* [EXERCISE]:
Copy nothing but the lines below, from the one with "강원자치도가 설 연휴를" through the one with "Dieses Satin Shirt", exactly as written; no pictures should appear.

* [DATASET CONTENT]:
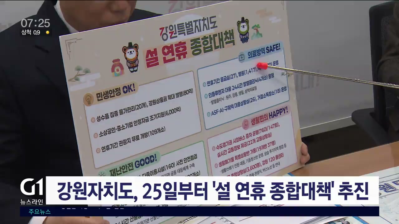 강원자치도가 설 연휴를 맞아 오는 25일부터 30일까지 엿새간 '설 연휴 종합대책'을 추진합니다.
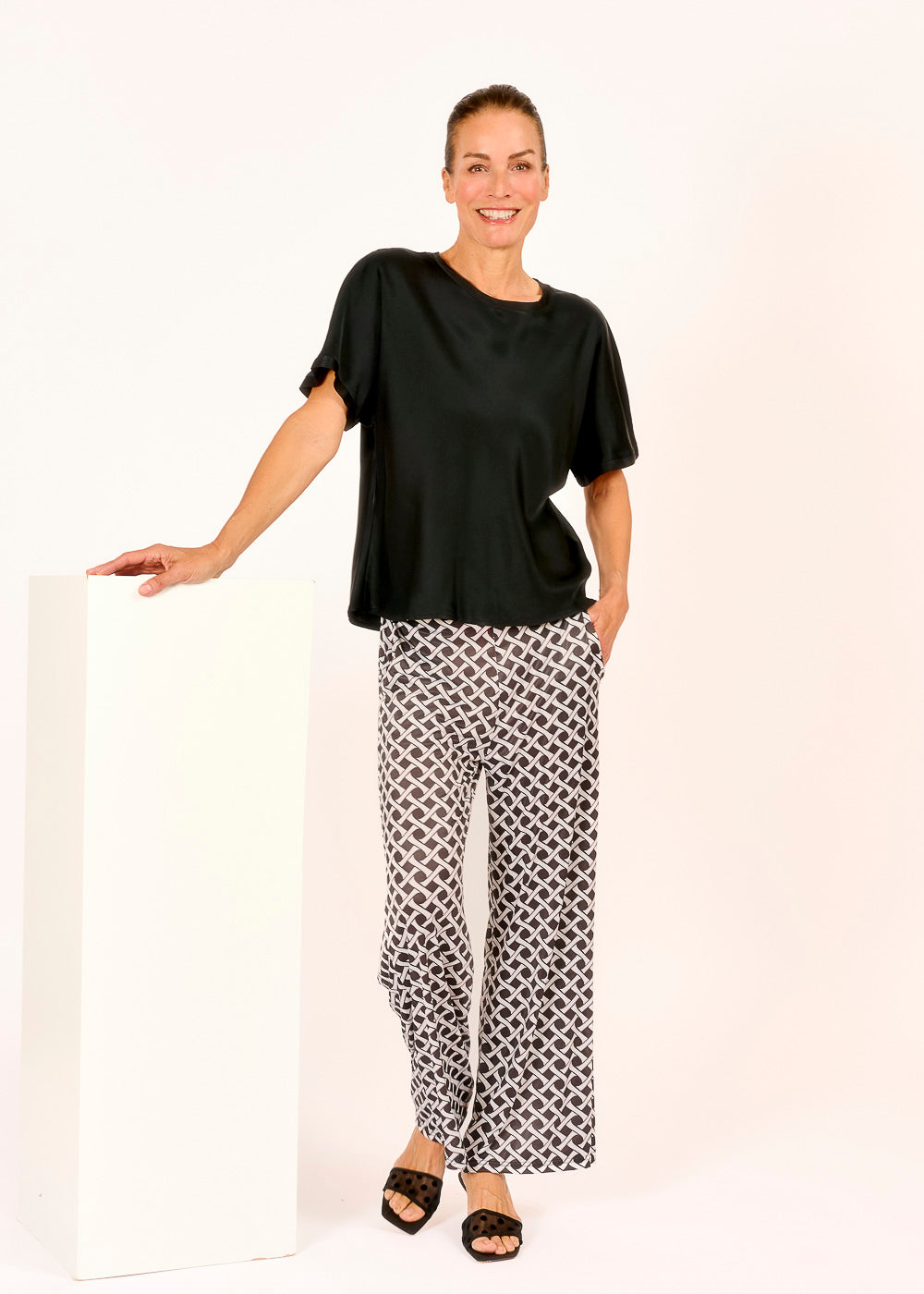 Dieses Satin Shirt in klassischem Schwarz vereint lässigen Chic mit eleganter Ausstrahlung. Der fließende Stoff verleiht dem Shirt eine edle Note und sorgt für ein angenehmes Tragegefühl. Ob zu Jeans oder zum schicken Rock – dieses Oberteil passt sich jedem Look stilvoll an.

==

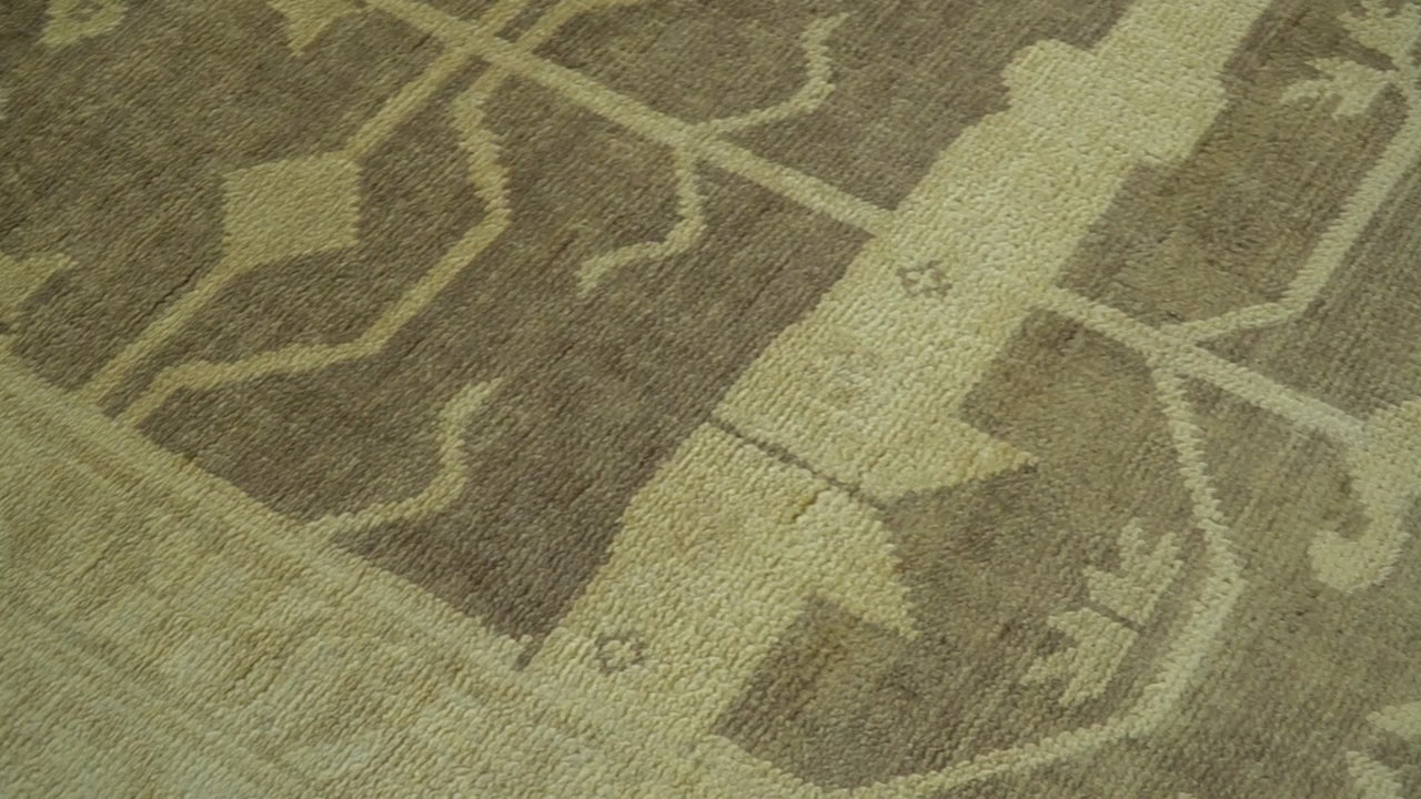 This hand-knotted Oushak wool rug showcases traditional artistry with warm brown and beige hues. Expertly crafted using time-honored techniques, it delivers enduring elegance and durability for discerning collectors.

* [SOLUTION]:
 강원자치도가 설 연휴를 맞아 오는 25일부터 30일까지 엿새간 '설 연휴 종합대책'을 추진합니다.
 Dieses Satin Shirt in klassischem Schwarz vereint lässigen Chic mit eleganter Ausstrahlung. Der fließende Stoff verleiht dem Shirt eine edle Note und sorgt für ein angenehmes Tragegefühl. Ob zu Jeans oder zum schicken Rock – dieses Oberteil passt sich jedem Look stilvoll an.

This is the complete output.